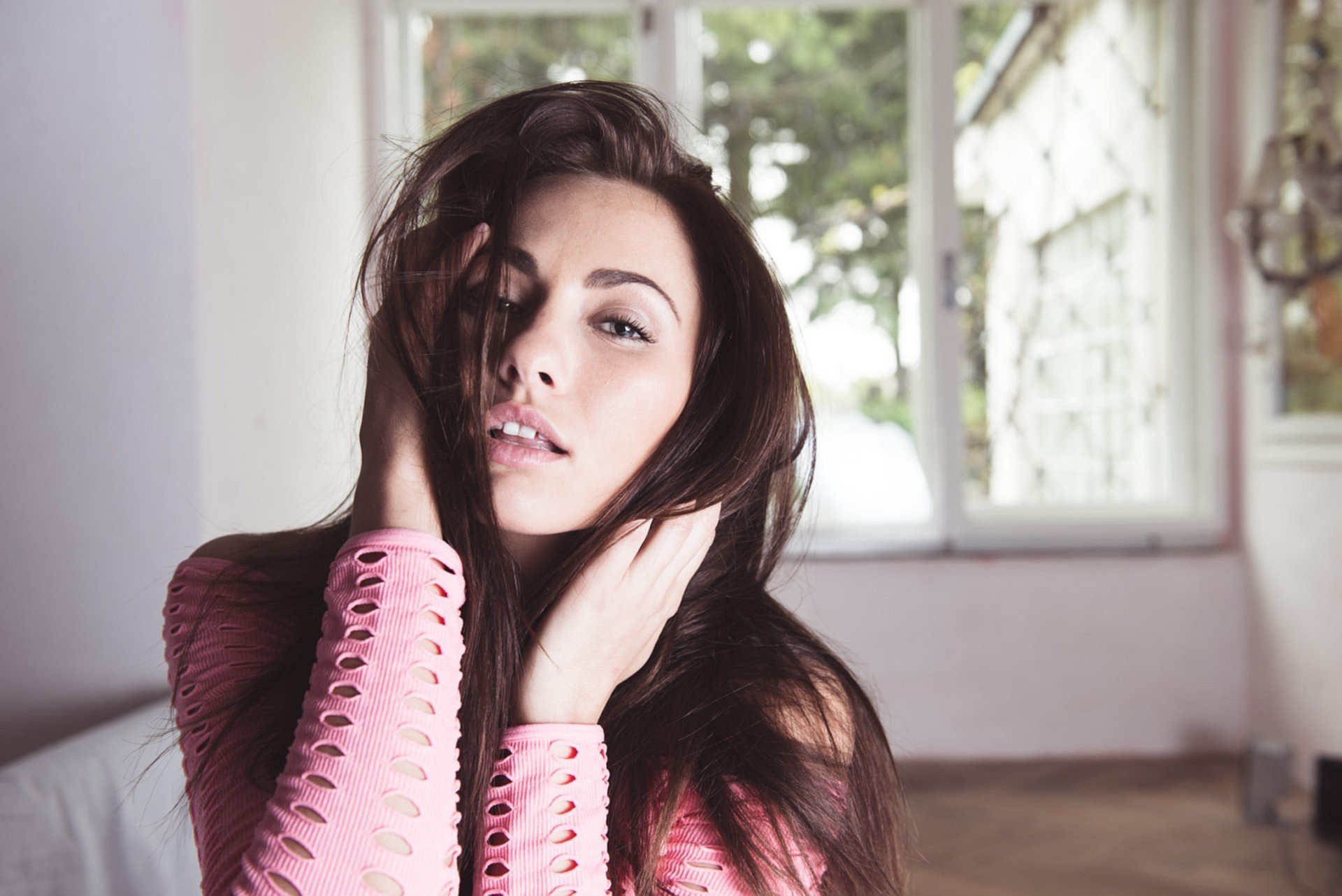 Ausdrucksstarker Blick des braunhaarigen Mädchens
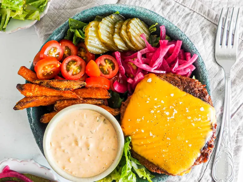Plant-based burger bowl featuring crispy sweet potato fries, tender lettuce, cherry tomatoes, pickled onions and cucumbers, plant-based patties topped with cheddar, and a homemade Big Mac-style dressing of mayo, ketchup, mustard, and pickled cucumber brine. Arranged for visual appeal and served with dressing on the side.
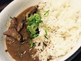 おでんの残り汁で炊いたごはんにモツ煮込をかけて食べてる。
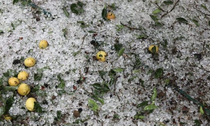 Πληγές μετρούν και πάλι οι Μηλοπαραγωγοί στο Μεσόβουνο, αφού το χοντρό χαλάζι και η δυνατή βροχή που έπεσαν για ένα τέταρτο περίπου, τόσο εντός όσο και περιμετρικά του οικισμού, διέλυσαν τη φετινή παραγωγή.
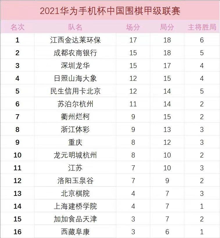 上届冠军江西金达莱环保队3比1击败北京棋院队,豪取6连胜,成为本赛季目前唯一一支保持全胜的队,并登上积分榜首位。
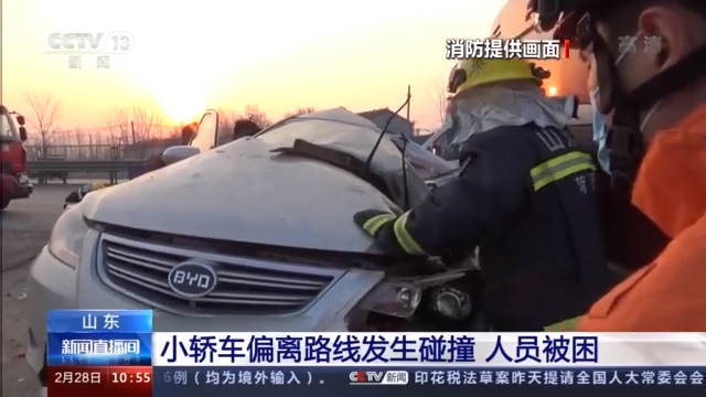 小轿车偏离路线发生碰撞 人员被困
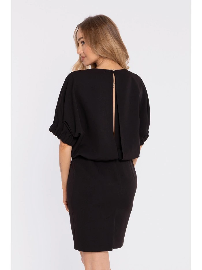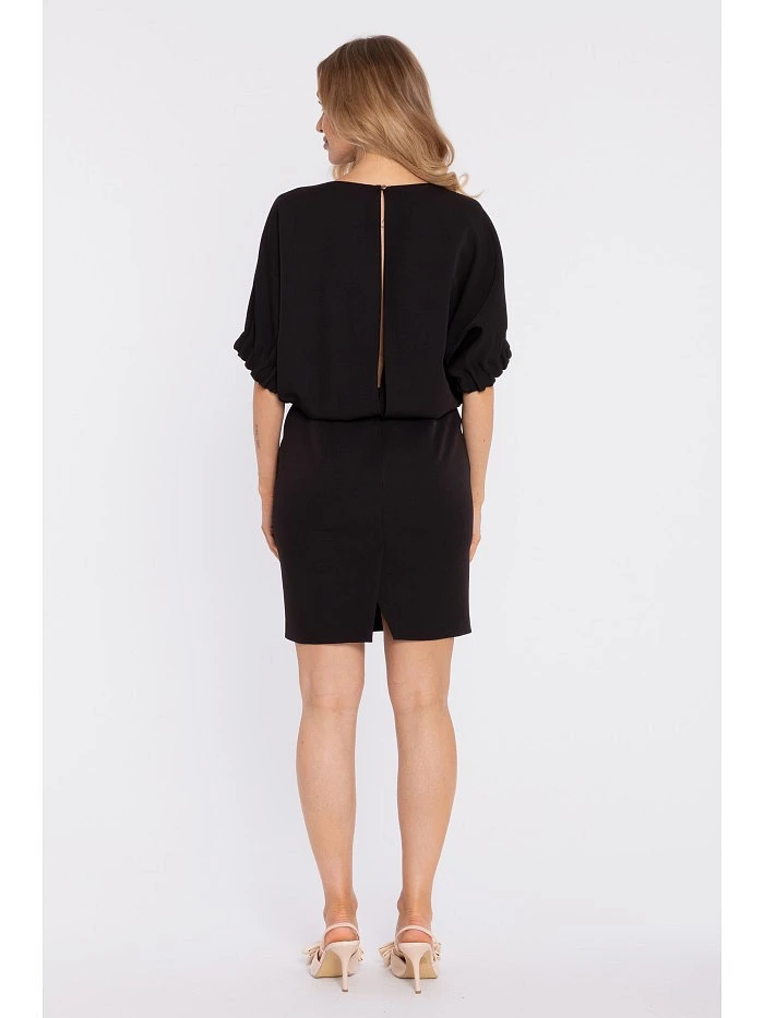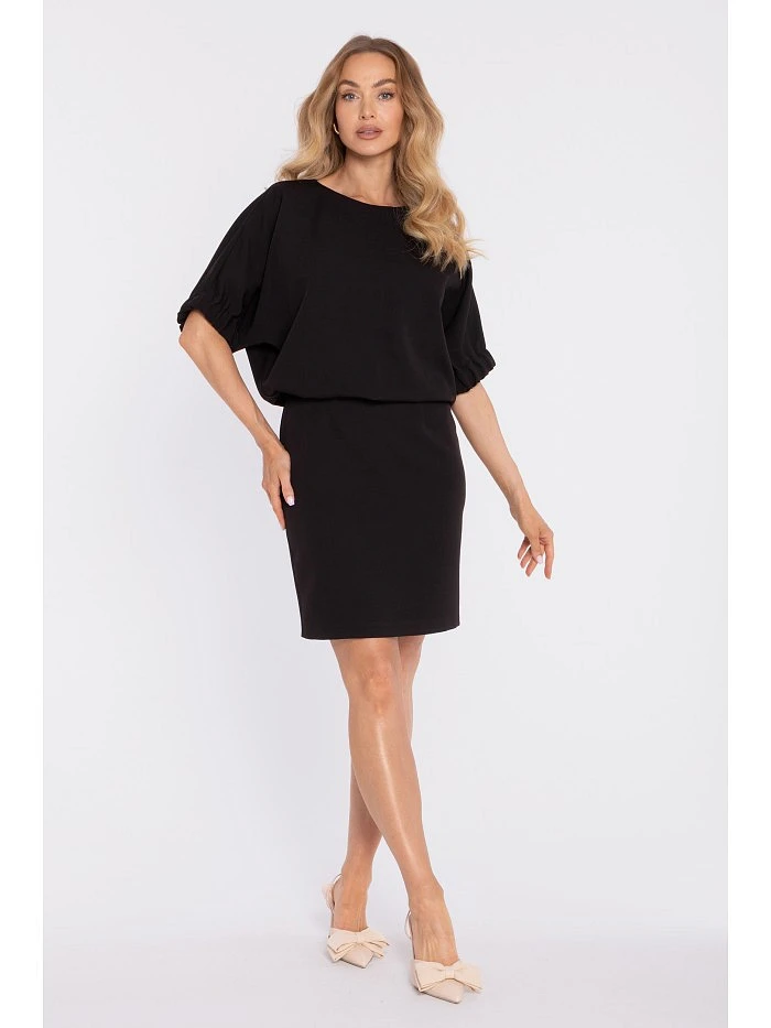 95% polyester 5% elastane MATERIAL Smooth woven fabric with a matte finish. PRODUCT DETAILS Neckline: front – round and modest; back – deeper vertical slit fastened with a single button. Sleeves: short, puff sleeves finished with elastic cuffs. Waist: subtly defined thanks to the blouson-style top. Skirt: straight, slightly fitted, with a short back slit. Closure: single button at the back neckline; concealed zip at the back. Pockets: none. Lining: none. Model: M904. Designed and made in Poland. The model in the photo is 171 cm tall and is wearing size S. FIT AND CUT Style: elegant, minimalist mini dress with a relaxed top and puff sleeves. Shape: oversized, blouson-like upper part; straight, lightly fitted skirt. Length: mini.
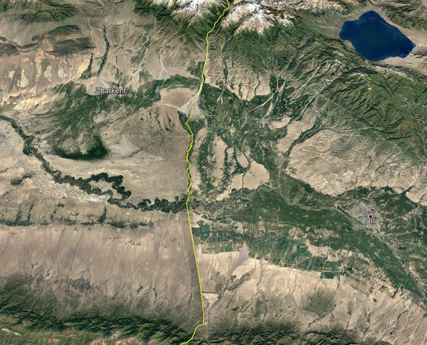 可克达拉是北疆的一个县级市,西边是哈萨克斯坦的阿拉木图地区。下图黄线标出的是中哈边境线。

::::::::::

HOW TO COMPLETE THIS TASK:
Beginning with the line above that contains "Plant-based burger bowl" and finishing with the line that contains "おでんの残り汁で炊いたごはんにモツ煮込をかけて食べてる。", print those lines exactly and only. Skip all pictures.

RESPONSE TO THE EXERCISE:
Plant-based burger bowl featuring crispy sweet potato fries, tender lettuce, cherry tomatoes, pickled onions and cucumbers, plant-based patties topped with cheddar, and a homemade Big Mac-style dressing of mayo, ketchup, mustard, and pickled cucumber brine. Arranged for visual appeal and served with dressing on the side.
 おでんの残り汁で炊いたごはんにモツ煮込をかけて食べてる。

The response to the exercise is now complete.